# 10.1: Introduction to Alkenes


Objective

After completing this section, you should be able to give an example of a naturally occurring compound that contains at least one double bond.

##### Key Terms

Make certain that you can define, and use in context, the key term below.

• olefin
##### Study Notes

Alkenes are a class of hydrocarbons (i.e., containing only carbon and hydrogen). They are unsaturated compounds with at least one carbon-to-carbon double bond. The double bond makes Alkenes more reactive than alkanes. Olefin is another term used to describe alkenes.

The graphic shows three alkenes. The more complex alkene is commonly known as 1-menthene, but its full proper IUPAC name is 1-methyl-2-(1-methylethyl)-cyclohexene.

## Alkenes

Alkenes are a class of hydrocarbons (i.e., containing only carbon and hydrogen). They are unsaturated compounds with at least one carbon-to-carbon double bond. The double bond makes alkenes more reactive than alkanes. Olefin is another term used to describe alkenes. The alkene group can also be called a vinyl group and the carbons sharing the double bond can be called vinyl carbons.

## Structure of Ethene - the Simplest Alkene

Ethene is often written as CH2=CH2 which stands for:

The double bond is shared by the two carbon atoms and does not involve the hydrogen atoms, although the condensed formula does not make this point obvious. Note that the molecular formula for ethene is C2H4, whereas that for ethane is C2H6.

Ethene is not a very complicated molecule. It is made up of four 1s1 hydrogen atoms and two 2s2 2px1 2py1 carbon atoms. These carbon atoms already have four electrons, but they each want to get four more so that they have a full eight (octet) in the valence shell. Having eight valence electrons around carbon gives the atom the same electron configuration as neon, a noble gas. Carbon wants to have the same configuration as neon because when it has eight valence electrons carbon is at its most stable, lowest energy state.

This forms a total of three bonds to each carbon atom, giving them an $$sp^2$$ hybridization. Since the carbon atom is forming three sigma bonds instead of the four that it can, it only needs to hybridize three of its outer orbitals, instead of four. It does this by using the $$2s$$ electron and two of the $$2p$$ electrons, leaving the other unchanged. This new orbital is called an $$sp^2$$ hybrid because it is made from one s orbital and two p orbitals.

When atoms use $$sp^2$$ hybrids they have a trigonal planar structure. These structures are very similar to a 'peace' sign, there is a central atom with three atoms around it, all on one plane. Trigonal planar molecules have an ideal bond angle of 120° on each side.

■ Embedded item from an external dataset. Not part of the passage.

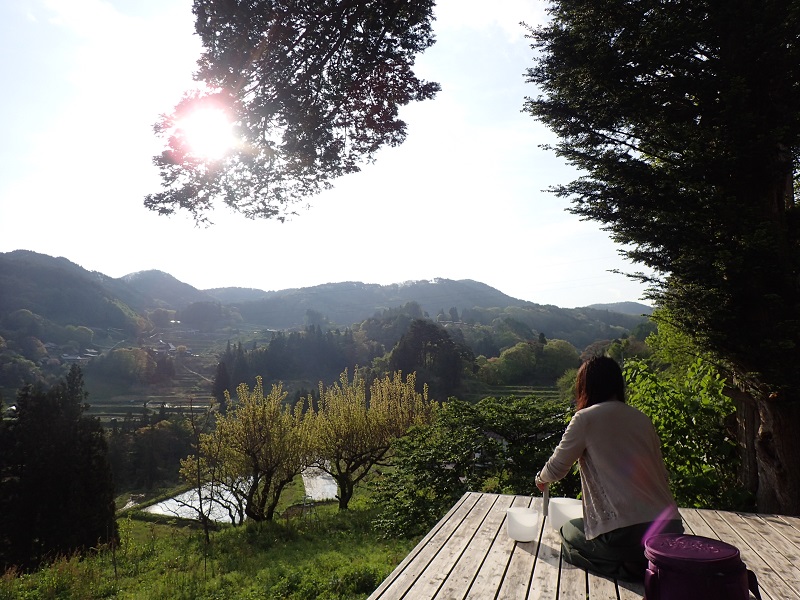 昨日無事合宿を終えました武藤多絵さんが、その清々しい空気の中ウッドデッキにてクリスタルボウルの演奏をして下さいました!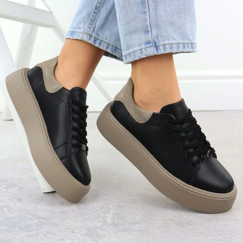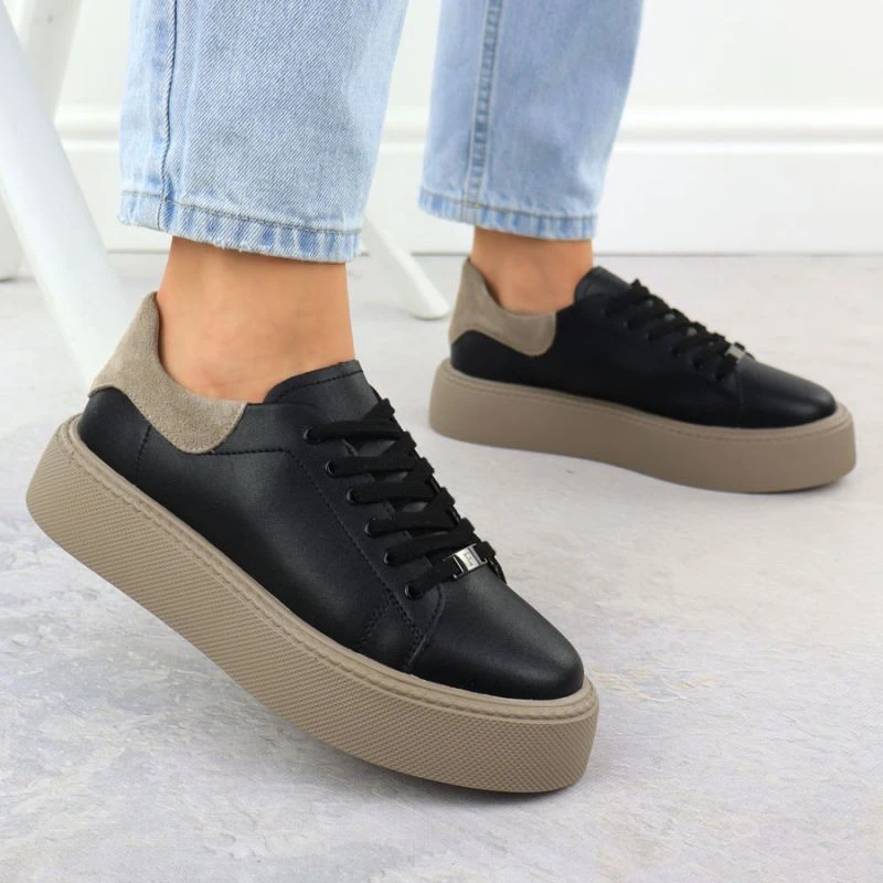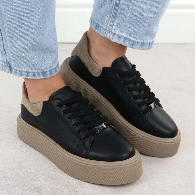 Dámské kožené sportovní polobotky na platformě černé Filippo DP6119

The H-C-H bond angle is 117°, which is very close to the ideal 120° of a carbon with $$sp^2$$ hybridization. The other two angles (H-C=C) are both 121.5°.

### Rigidity in Ethene

There is rigidity in the ethene molecule due to the double-bonded carbons. A double bond consists of one sigma bond formed by overlap of sp2 hybrid orbitals and one pi bond formed by overlap of parallel 2 p orbitals. In ethene there is no free rotation about the carbon-carbon sigma bond because these two carbons also share a $$\pi$$ bond. A $$\pi$$ bond is only formed when there is adequate overlap between both top and bottom p-orbitals. Rotation of the p-orbitals causes them to be 90° from each other breaking the $$\pi$$ bond because there would be no overlap. There is a much larger energy barrier to rotation than there is about a carbon-carbon sigma bond.

(a) The σ-bonded framework is formed by the overlap of two sets of singly occupied carbon sp2 hybrid orbitals and four singly occupied hydrogen 1s orbitals to form electron-pair bonds. This uses 10 of the 12 valence electrons to form a total of five σ bonds (four C–H bonds and one C–C bond).

(b) One singly occupied unhybridized 2pz orbital remains on each carbon atom to form a carbon–carbon π bond. (Note: by convention, in planar molecules the axis perpendicular to the molecular plane is the z-axis.)

##### Exercise

1. Although there is only one alkene with the formula C2H4 (ethene) and only one with the formula C3H6 (propene), there are several alkenes with the formula C4H8. Draw all of the possible bond line structures for alkenes with the formula C4H8 including all possible structural and stereoisomers.